Some of the stories deal with the theme of alienation, an inmate’s desire to connect in some way with the outside world. The narrator of “The Human Number” makes random collect calls from jail, connecting with people so lonely or bored that they are willing to chat with an inmate they don’t know. The narrator of “The World Out There” makes up a story about a girl who is sitting in the stands of a baseball game he’s watching on television.

Many of the stories are slices of life behind bars. “Sunshine” is a vignette about an inmate whose sister may or may not have cancer. “In the Dayroom with Stinky” relates a series of conversations between inmates. “Daytime Drama” focuses on an inmate who seems to be having mental health issues. “Depakote” talks about cigarettes, prison scams, and the perils of owing debts to other prisoners. A goose gets caught in the prison’s razor wire in “Brother Goose.”

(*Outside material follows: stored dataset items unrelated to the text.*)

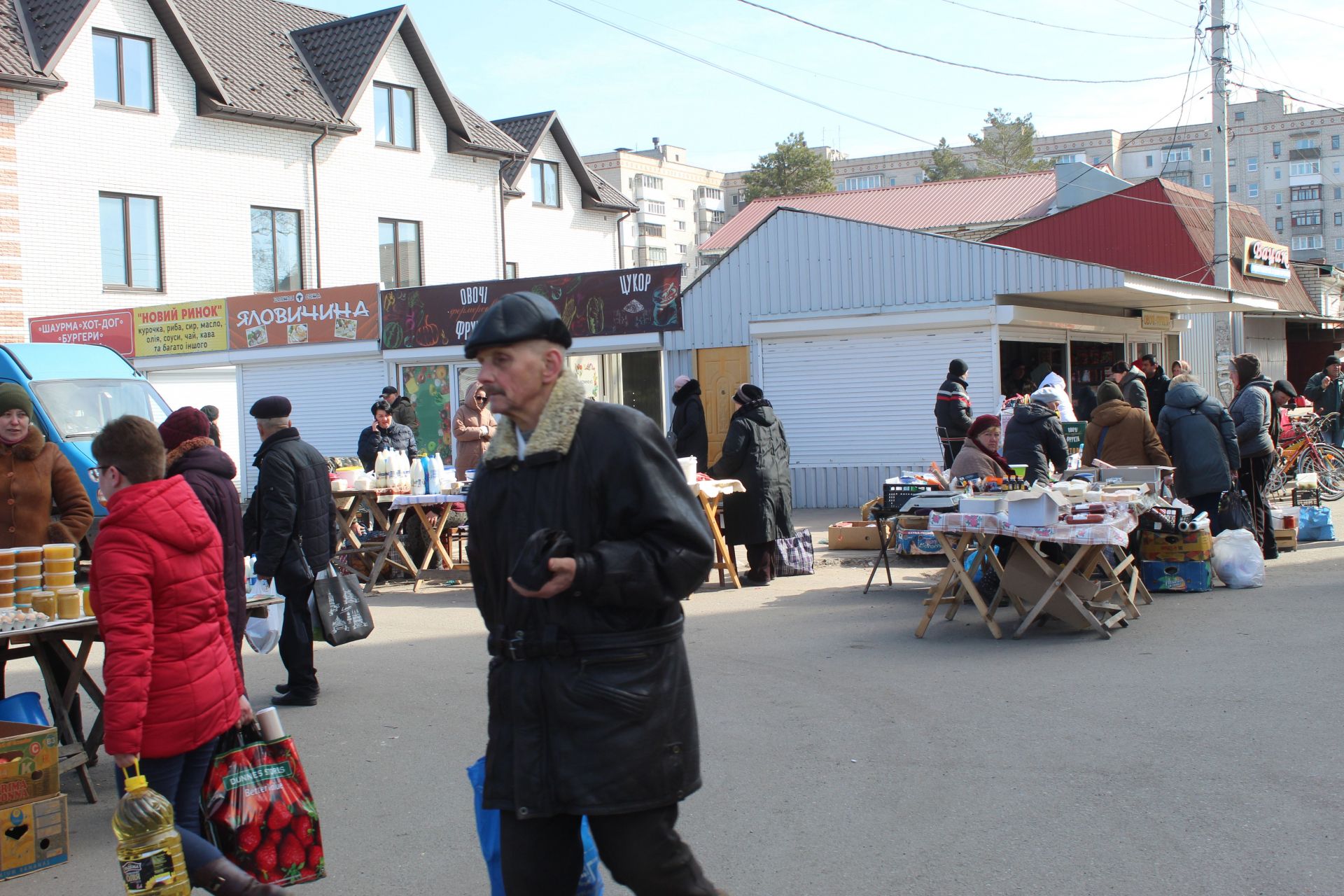 На вулиці Василя Земляка серед потенційних покупців пожвавлення. Воно й не дивно, за 23 дні війни вже мало хто звертає увагу на ковід. Торгували у «ракушках» на приватних столиках і на землі.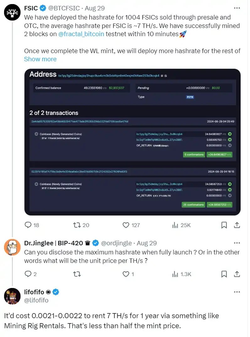 - $FB 挖矿将在 Fractal 主网正式上线后一周才开始(最理想的时间预计),而 FSIC 将从主网上线第一天就开始。由于他们是实打实自己购买矿机,因此部署新的矿机需要时间。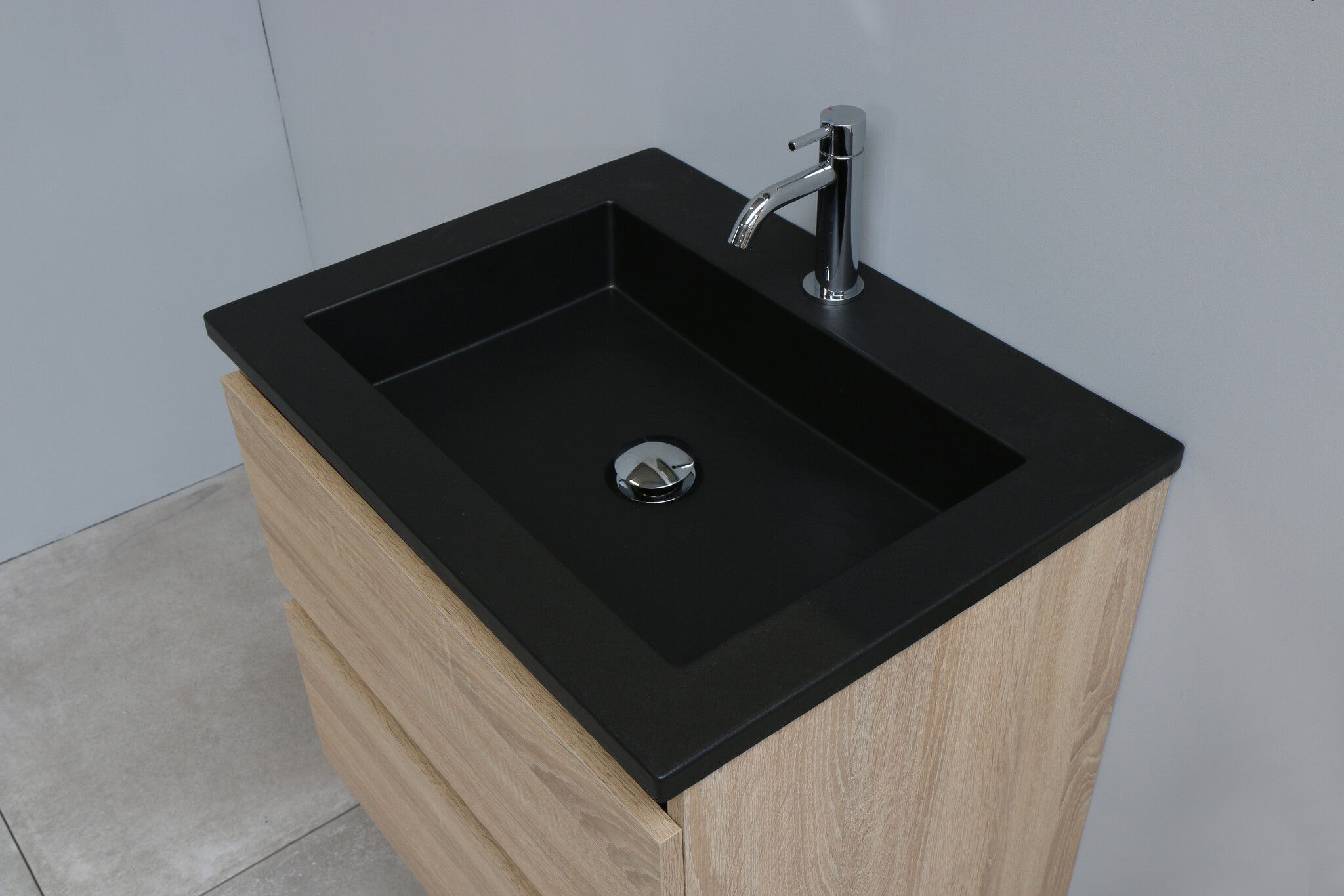 Solidline badkamermeubelset - 60cm - Acryl - Mat zwart - 1 - Eiken - Spiegel met LED verlichting - Bouwpakket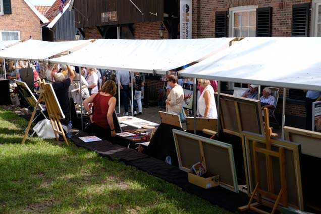 Het was een gezellige drukte op de eerste dag van Kunst in Ootmarsum. Al voor 12.00 uur stroomden de bezoekers het centrum binnen van de Siepelstad waar zo’n 200 kunstenaars hun werken lieten zien. In een gemoedelijke sfeer slenterden de belangstellenden langs de Pagodetenten en kramen. Er ontstonden mooie gesprekken en deze interactie tussen kunstenaars en de kijkers of kopers leverde vaak boeiende gespreksstof op.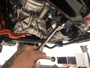 NoteTesla recommends that the oil filter is replaced with a new one upon removal. Any oil filter with visible corrosion or leaks must be replaced.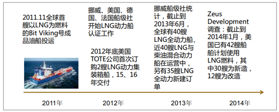 2011 年以第一艘 LNG 燃料成品油船投运为标准,国际 LNG 燃料动力船舶市场开始启动,以新造船舶为主。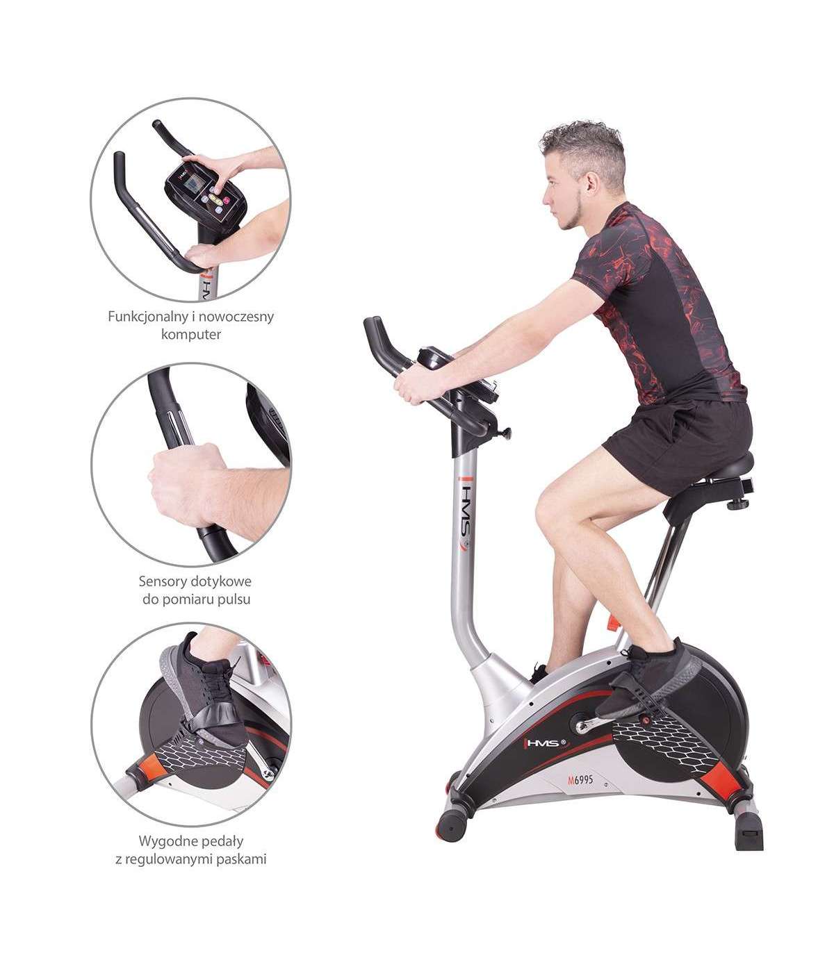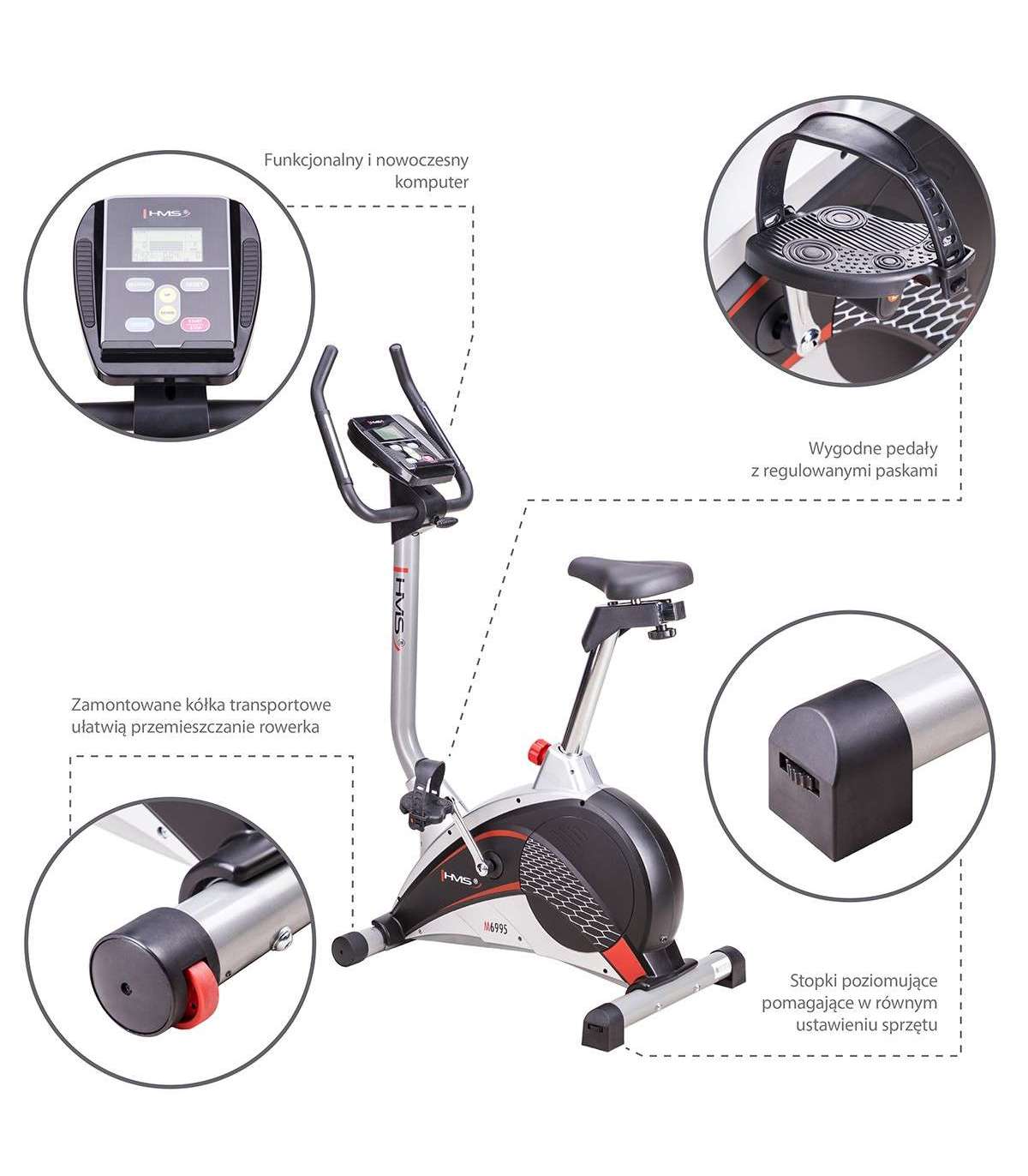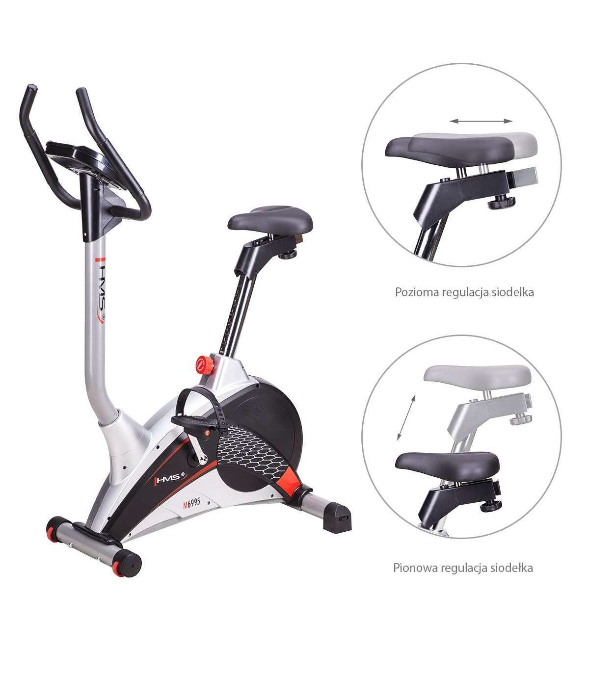 M6995 — прочная и устойчивая конструкция. Выравнивающие опоры помогают установить оборудование ровно, а заводские транспортировочные ролики облегчают его перемещение. Регулируемое седло и удобные педали с регулируемыми ремнями — ещё одно преимущество этого удачного продукта. M6995 HMS PREMIUM — универсальный велосипед. Благодаря небольшим габаритам и малому весу он не требует много места.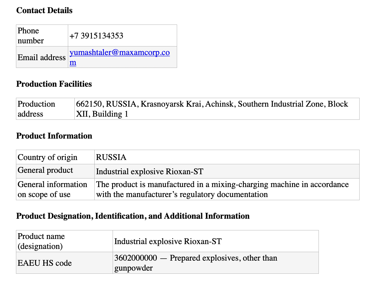 A number of facts indicate that the Spanish corporation maintains ties with these Russian plants. In 2023, YUII-Sibir paid 40 million rubles ($509,500) in dividends to its sole owner, MaxamCorp International, S.A. In April of that year, Maxam Rus filed a patent application for an industrial mixer used in the production of explosive compositions. The listed inventors of the device are two MaxamCorp managers, Raquel Vivanco González and Fernando Beitia Gómez Segura. Certificates for explosives produced by Maxam’s Russian plants list contact email addresses with the company’s corporate domain name.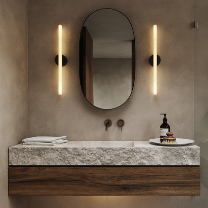 A decorative light fixture ideal for bathrooms, kitchens and outdoor spaces.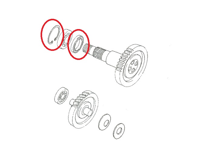 あと、メインアクスルのベアリング(※C)も交換しておいた方が良さそうです。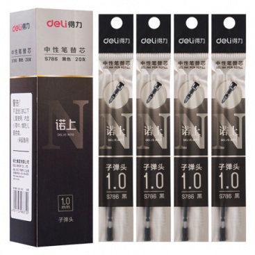 • 得力(deli)诺上1.0mm黑色中性笔笔芯 子弹头水性签字笔替芯 20支/盒S786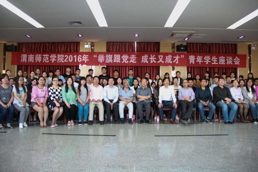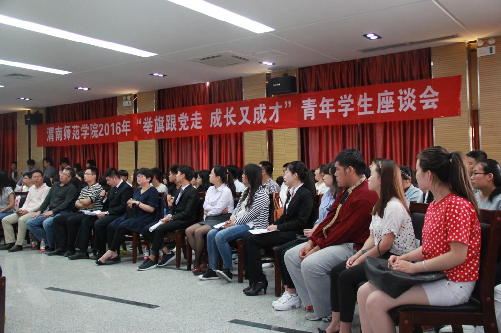 5月4日下午,学校在逸夫楼科学大讲堂举行2016年“举旗跟党走 成长又成才”青年学生座谈会。校党委副书记赵伏友,老团干代表冯巍,宣传部部长杨利民,学工部部长王俊安,教务处副处长林关成,招生就业处副处长刘杨志,校团委书记姚明亮,青年博士教师代表刘峰,学校团委成员、各二级学院专职团干部、优秀团员团干代表,五四红旗团总支,团支部代表以及在志愿服务活动中涌现的先进集体,先进个人代表约100人参加本次座谈会。座谈会由团委副书记马耀斌主持。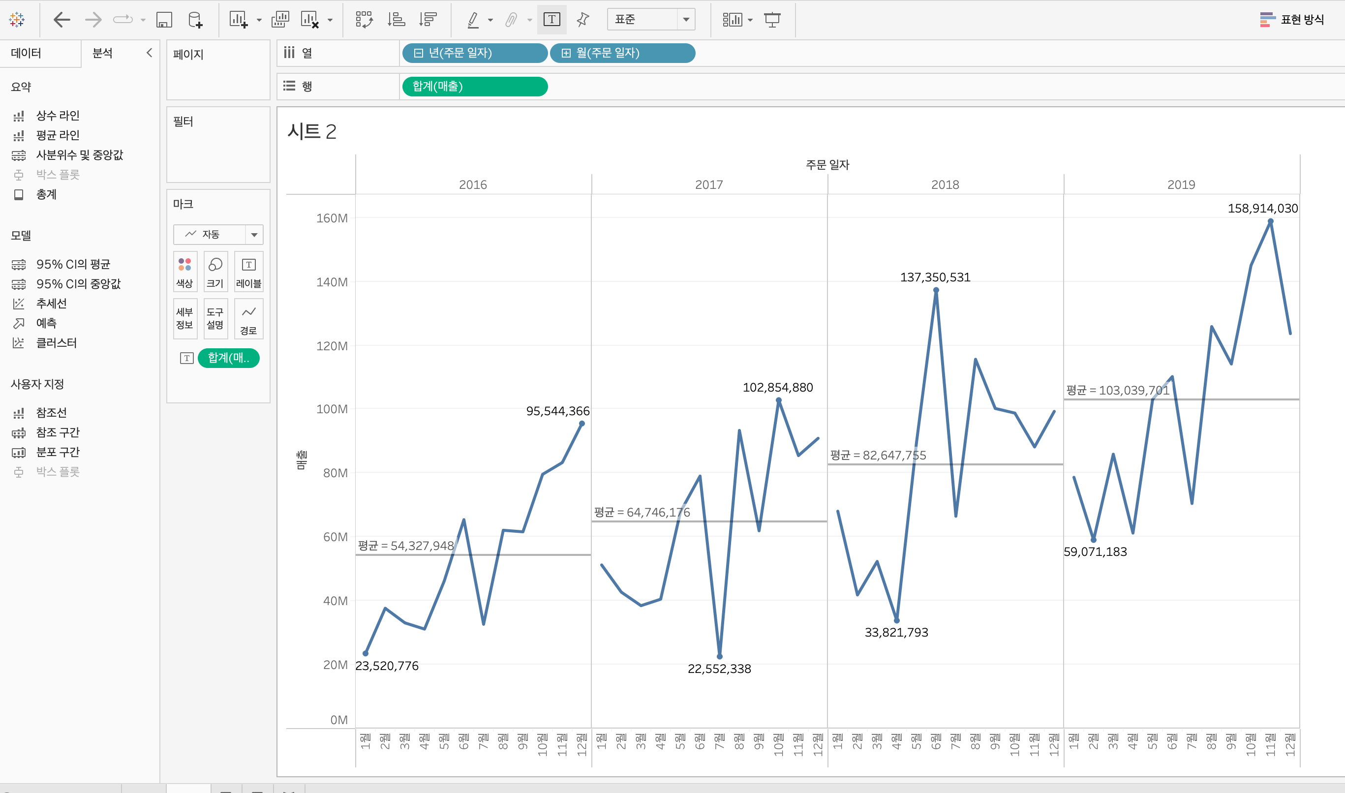 분석 -> 평균라인 드래그해서 시트에 가져오면 테이블, 패널, 셀 라인 선택 가능 -> 패널 선택 -> 평균 선 클릭

A couple of stories discuss the lives that inmates led before they entered prison. “Six Pictures of a Fire at Night” spotlights Catfish, who cleaned up suicides and other dead bodies for a living and who may or may not have killed his wife. But “Engulfed” suggests that the inmates who talk about their outside lives are probably lying, and that the lies are an essential means for inmates to feel less bad about themselves, to construct a more productive past than the one they lived.

The most poignant story, “573543,” mixes memories of the narrator’s time as an addict with the arbitrariness of prison guards who are eager to dehumanize inmates in ways that drugs never manage to accomplish.

This is a strong collection and a valuable contribution to the genre of prison literature. Incarceration is challenging and dehumanizing, but Curtis Dawkins makes the reader remember that the majority of prisoners are ordinary people who, like most of us, are trying to make the best of our circumstances.